工学部電子通信工学科を卒業後、1987年に電子計測器メーカーに入社、光通信用電子計測器のハードウェア設計開発に従事する。1988年より2年間、通商産業省(現 経済産業省)管轄の研究機関にて光デバイスの基礎研究に携わり、延べ13年を設計と研究開発の現場で過ごす。その後、組織・業務コンサルティング会社や上場企業の経営企画責任者として、開発・技術部門の“現場上がり”の経験や知識を生かしたコンサルティング業務に従事。
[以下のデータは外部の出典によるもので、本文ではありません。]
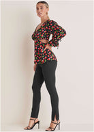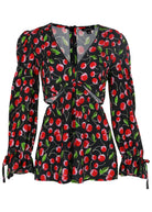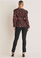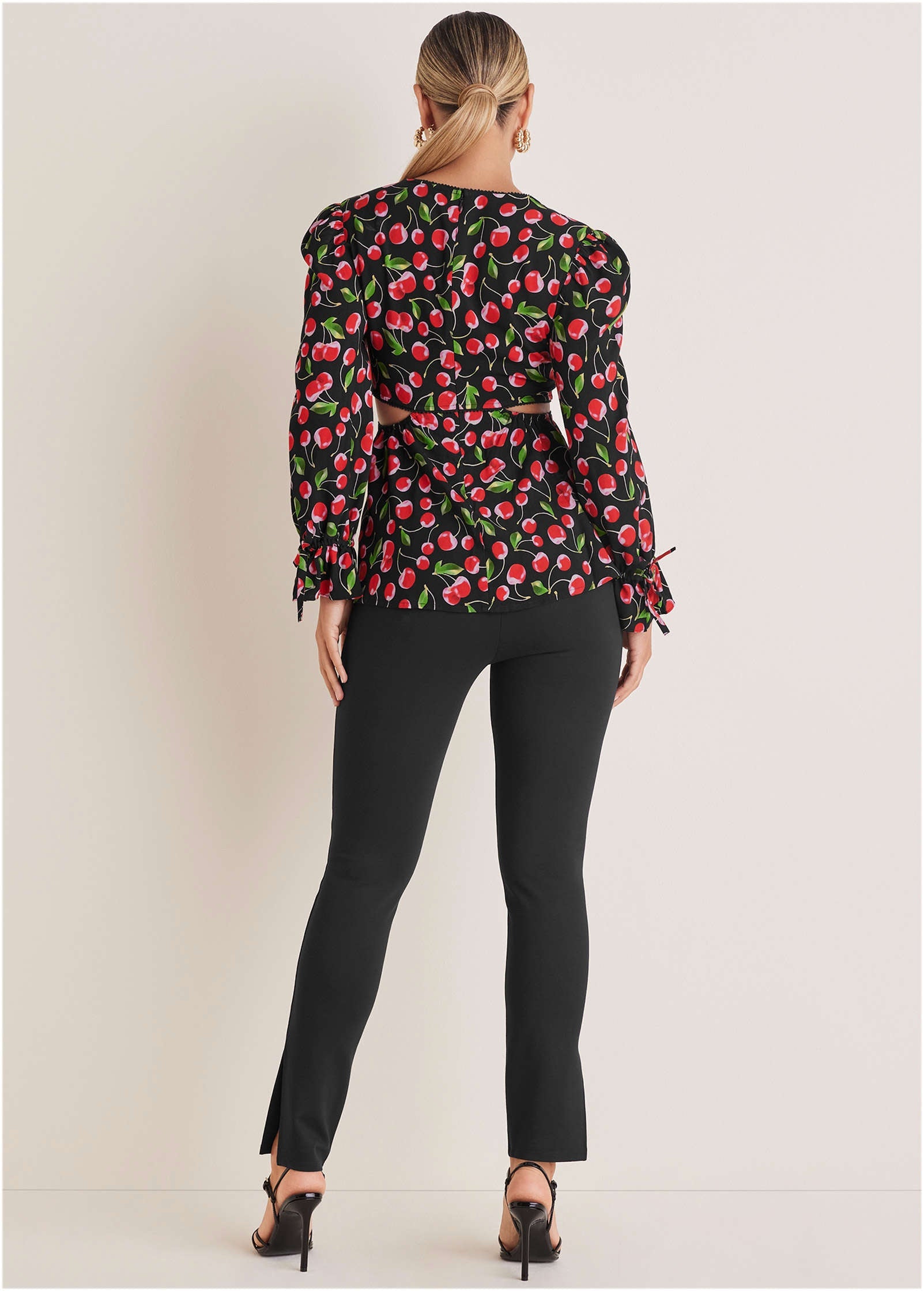 Classic with a little spice—just the way you like it. The Cut-Out Waist Blouse brings the perfect mix of elegance and allure, featuring a sleek V-neckline, subtly puffed long sleeves, and just the right amount of skin-baring cutouts. The timeless silhouette gets a bold update, making it your new go-to for turning heads. Pair it with black pants and strappy heels for a flirty nighttime look that’s perfect for date night (or any night you want to make unforgettable). * Sizes: XS (2), S (4-6), M (8-10), L (12-14), XL (16) * V-neckline: Flattering and effortlessly chic * Cutouts: Just the right amount of sultry for a flirty finish * Long sleeves: A sleek balance to the bold details * Slightly puff sleeves: A touch of drama for extra style points * Date-night ready: Pair with black pants and strappy heels for an effortless night-out look * For printed items, print placement may vary. * Viscose. Imported

2009年5月に株式会社カレンコンサルティングを設立。現場の自主性を重視した「プロセス共有型」のコンサルティングスタイルを提唱。技術評論社より『上流モデリングによる業務改善手法入門』を出版。2012年からEE Times Japanにて『いまどきエンジニアの育て方』『“AI”はどこへ行った?』などのコラムを連載。

一般社団法人TXアントレプレナーパートナーズ(TEP)で技術系ベンチャー企業支援と、厚生労働省「戦略産業雇用創造プロジェクト」の採択自治体である「鳥取県戦略産業雇用創造プロジェクト(CMX)」のボードメンバーとして製造業支援を実施中。